Following the passage of that law, which allowed the merging of financial institutions, came the Commodity Futures Modernization Act of 2000, which ended government regulation of hard-to-understand investments called derivatives -- perceptively called "financial weapons of mass destruction" by financial expert Warren Buffett in 2003. Due to the passage of the deregulatory law in 2000, the use of these potentially toxic investments, such as credit default swaps and collateralized debt obligations, increased exponentially. These "financially innovative" products led the big institutions to believe they could invest risk-free in subprime mortgages, which fueled a dramatic increase in home sales. Mortgage lenders threw the centuries-old tradition of prudence out the window and begin giving loans away to anybody able to sign their name, knowing that these contracts could be easily sold to larger institutions. At some point, it turned out that the parties who had issued the derivatives which guaranteed the securitized mortgages realized that so many defaults were occurring that they would never able to cover the losses as they had promised.

I think we can say with certainty that the resulting economic crisis of 2008 was a case where deregulation didn't create greater national prosperity. The fabled invisible hand of the marketplace celebrated its newfound freedom by knocking our whole economy down like a sidewalk fruit stand. Home values plummeted along with the retirement portfolios of people across the country. Where was the nanny that day? Probably bound and gagged in the closet while the kids raided the liquor cabinet and played with fireworks.

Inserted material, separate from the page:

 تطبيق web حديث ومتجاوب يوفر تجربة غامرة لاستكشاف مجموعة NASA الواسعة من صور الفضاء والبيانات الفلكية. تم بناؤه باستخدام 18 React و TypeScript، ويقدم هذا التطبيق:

When the housing bubble finally burst, the large financial conglomerates were left teetering on the edge of bankruptcy, and US taxpayers were informed that they were expected to save the "too big to fail" companies from their own incompetence. The Troubled Asset Relief Program has transferred trillions -- with a "T" -- into the bank accounts of corrupt financial companies. Those that were bailed out brazenly used the taxpayer money to pay million dollar bonuses to their upper brass. A group of AIG executives famously spent half a million dollars of their too-big-to-fail money in one week at an expensive resort, including $23,000 alone at a health spa.

There has been a lot of well-deserved popular outrage against the TARP heist, resulting in the formation of new political groups like the Tea Party and Occupy Wall Street. Our elected leaders, however, still refuse to put two and two together and admit that all these problems of the last decade stem from the widespread myth that less government interference in the affairs of business leads to increased economic prosperity. Nobody seems to have the guts to come right out and tell the truth: Business, especially big business, needs more regulation, not less.

Back in the eighties, Ronald Reagan declared: "Government is the problem." After three decades of this anti-government, deregulatory mindset we have more problems than ever. So, in spite of all the rhetoric you've heard that nannies are bad, I would like to emphatically suggest otherwise. America needs a tough nanny with a big wooden paddle to spank the butts of our nation's arrogant privileged class, who have clearly grown several sizes too big for their britches. More specifically, we need a well-financed government with strong regulatory powers to prevent these overgrown babies in suits from driving the country over a cliff.